People
The African Digital Humanities initiative at the University of Kansas is headed by James Yeku in the Department of African and African-American Studies in partnership with staff from the Institute for Digital Research in the Humanities.
James Yeku
James Yékú is an Assistant Professor of African and African American studies at the University of Kansas, where he leads the African digital humanities program. James studies the digital expressions of African cultural froms and writes on digital literary studies, Nollywood, and online visual cultures. He is the author of Cultral Netizenship: Social Media, Popular Culture, and Performance in Nigeria (Indiana University Press), and a book of poetry, Where the Baedeker Leads (Mawenzi House). His current digital projects include Digital Nollywood, which is an Omeka-based collection of vintage film posters from Nigeria, and Onitsha 2.0, projected to be a scholalry digital edition of market-litertaure pamphlets from Nigeria. James is a 2022 fellow at the Center for Advanced Internet Studies (CAIS) in Bochum, Germany.

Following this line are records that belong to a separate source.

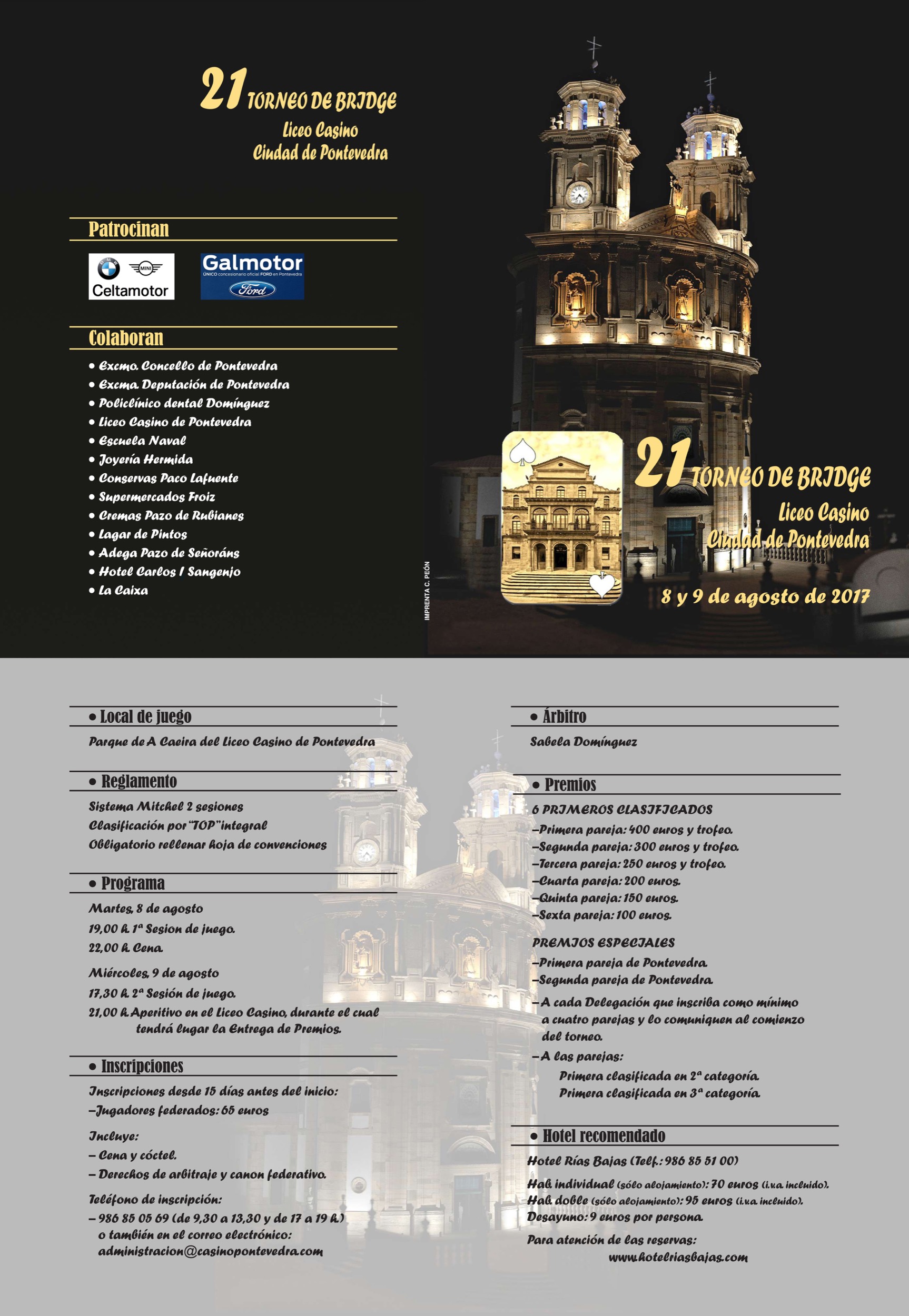 Los pasados días 8 y 9 de Agosto de 2017, se celebró en las instalaciones de La Caeira del Liceo Casino de Pontevedra el XXI Torneo de Bridge ‘Ciudad de Pontevedra’ organizado por el Club de Bridge de esa Sociedad. El torneo contó con la participación de 47 parejas.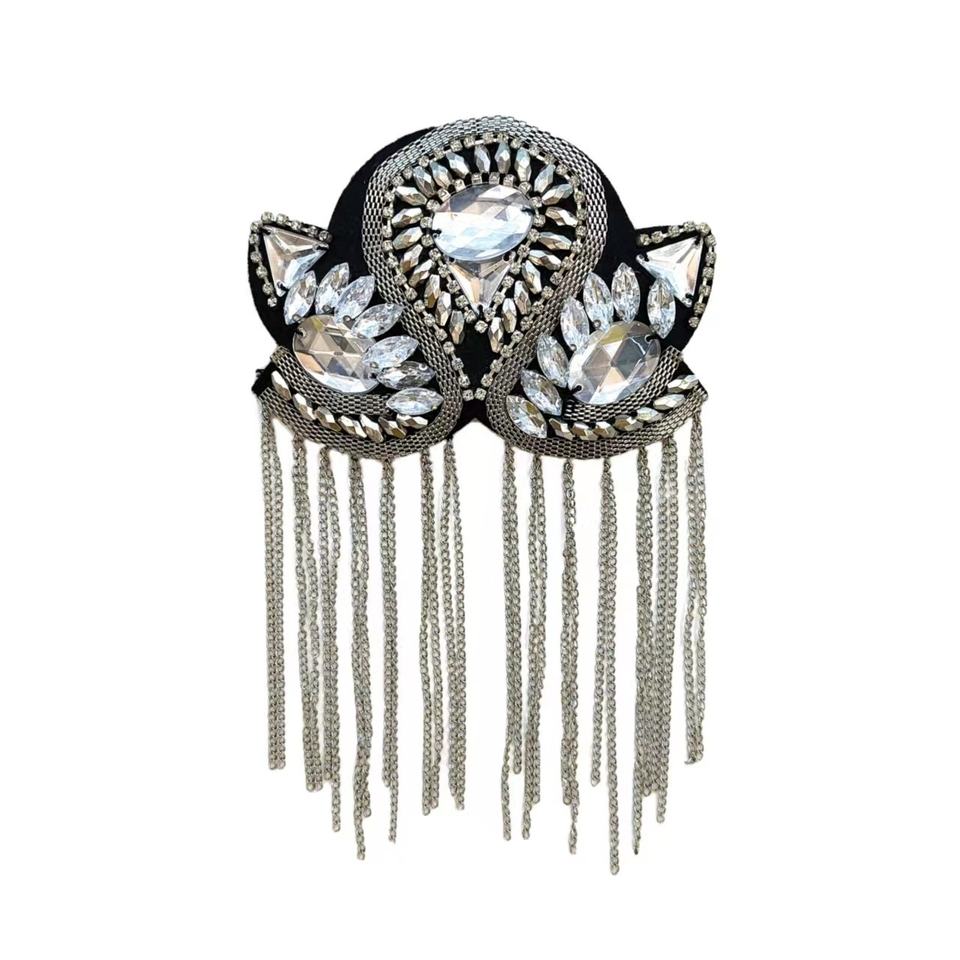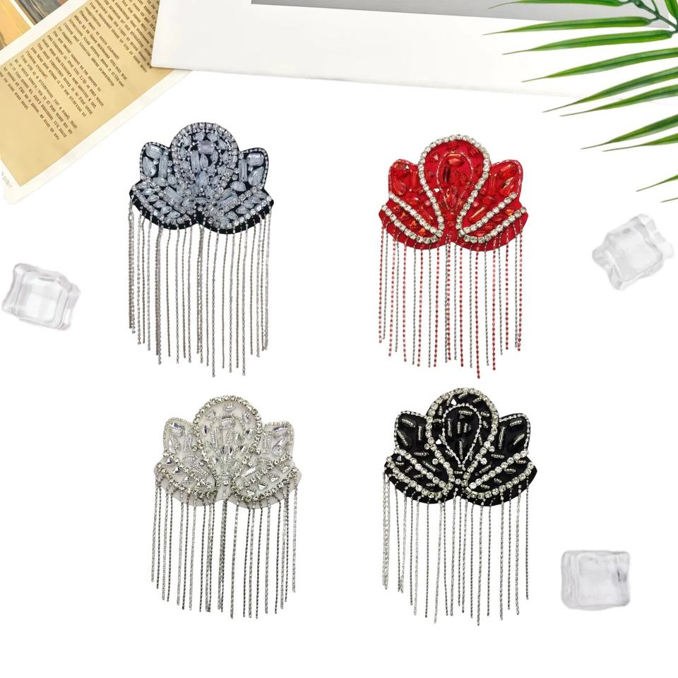 Applique Ricamata a Forma di Pentagramma con Paillettes e Nappe, Distintivo da Spalla Fatto a Mano per Abbigliamento da Palcoscenico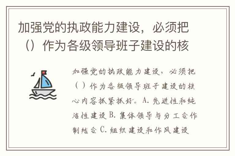加强党的执政能力建设,必须把()作为各级领导班子建设的核心内容抓紧抓好。A.先进性和纯洁性建设 B.集体领导与分工合作制结合 C.组织建设和作风建设 D.提高领导水平和执政能力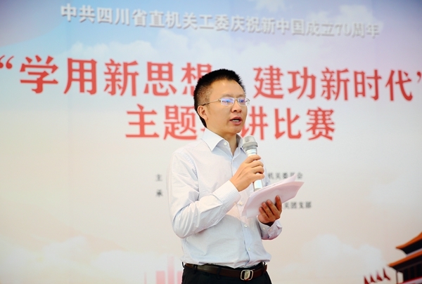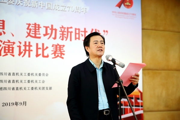 為進一步引導(dǎo)和激勵全委黨員干部特別是青年干部深刻認(rèn)識習(xí)近平新時代中國特色社會主義思想的重要意義,自覺擔(dān)當(dāng)作為、砥礪奮進,為機關(guān)黨建事業(yè)貢獻智慧和力量,按照省直機關(guān)工委慶祝新中國成立70周年系列活動安排,9月25日下午,省直機關(guān)工委舉辦了 “學(xué)用新思想、建功新時代”主題演講比賽。工委副書記楊明受常務(wù)副書記王承先委托致辭,機關(guān)黨委書記唐功江主持活動。

Website: https://jamesyeku.com
Email: jyeku@ku.edu
Brian Rosenblum
Brian Rosenblum is Founding Co-Director of the Institute for Digital Research in the Humanities, and Librarian for Digital Scholarship at the University of Kansas Libraries, where he has administrative, instructional, production and outreach responsibilities in support of a variety of digital humanities initiatives. He has over 20 years of library exprience in digital humanities, digital publishing, and scholarly communication, and has helped develop dozens of digital humanities projects and publications. In 2022 he was a digital humanities Fulbright Specialist in Accra, Ghana.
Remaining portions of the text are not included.